Consider the system shown in Fig. P6.86. The rope and pulley have negligible mass, and the pulley is frictionless. Initially the 6.00-kg block is moving downward and the 8.00-kg block is moving to the right, both with a speed of 0.900 m/s. The blocks come to rest after moving 2.00 m. Use the work–energy theorem to calculate the coefficient of kinetic friction between the 8.00-kg block and the tabletop.

- Relevant Equations
- Work-energy theorem

Kinetic friction formula

My final answer is different from the official one in the back of the book, and I can't figure out what I did wrong. This is my attempt:

Let

**block 1**be the vertically moving block and let

**block 2**be the horizontally moving one.

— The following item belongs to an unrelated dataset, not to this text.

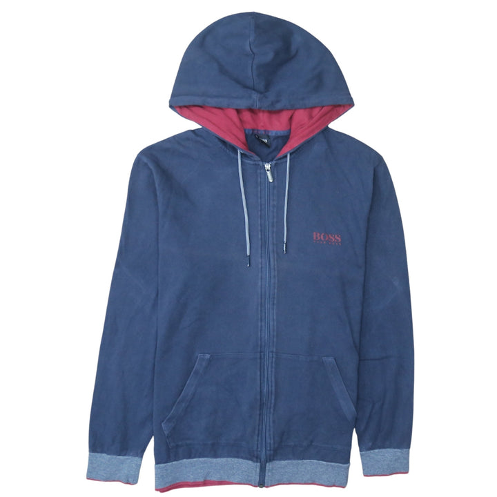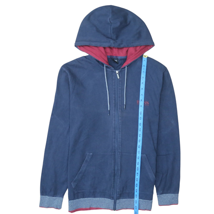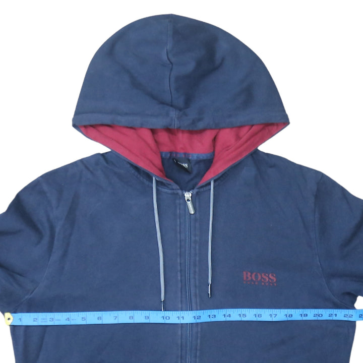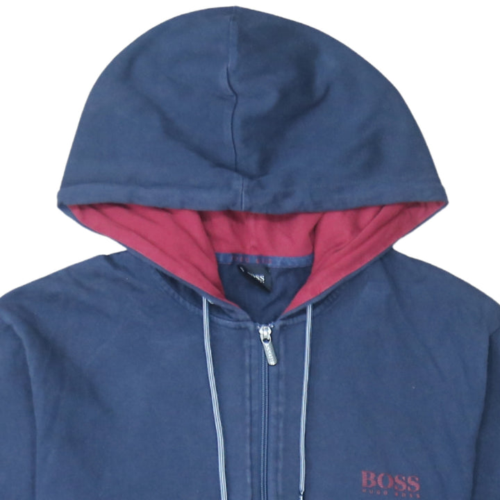 Hugo Boss Navy Blue Zip Hoodie Men’s XLarge Embroidered Chest Logo Drawstring Hood Sweatshirt

Also, let ##m_1 = 6.00 ~\rm{kg}##, ##m_2 = 8.00 ~\rm{kg}##, ##v_0 = 0.900 ~\rm{m/s}##, and ##d = 2.00 ~\rm{m}##. The target variable is ##\mu_k##.

According to the work-energy theorem, the total work done on block 2 is ##W_{tot}= \Delta K = K_f - K_i = 0 -K_i = -\frac{1}{2}m_2v_0^2##.

Alternatively, since the forces acting on block 2 are constant, we also have ##W_{tot} = \Sigma F_x d = (T - f_k)d = (m_1g - \mu_km_2g)d## (if the direction of displacement is the positive direction).

So then we have

$$-\frac{1}{2}m_2v_0^2 = (m_1g - \mu_km_2g)d$$

Rearranging to express ##\mu_k##, we obtain

$$\mu_k = \frac{m_1}{m_2} + \frac{v_0^2}{2dg} = \frac{6.00 ~\rm{kg}}{8.00 ~\rm{kg}} + \frac{(0.900 ~\rm{m/s})^2}{2(2.00 ~\rm{m})(9.80 ~\rm{m/s^2})} = 0.771 $$

However, the book gives ##0.786##. Where did I mess up?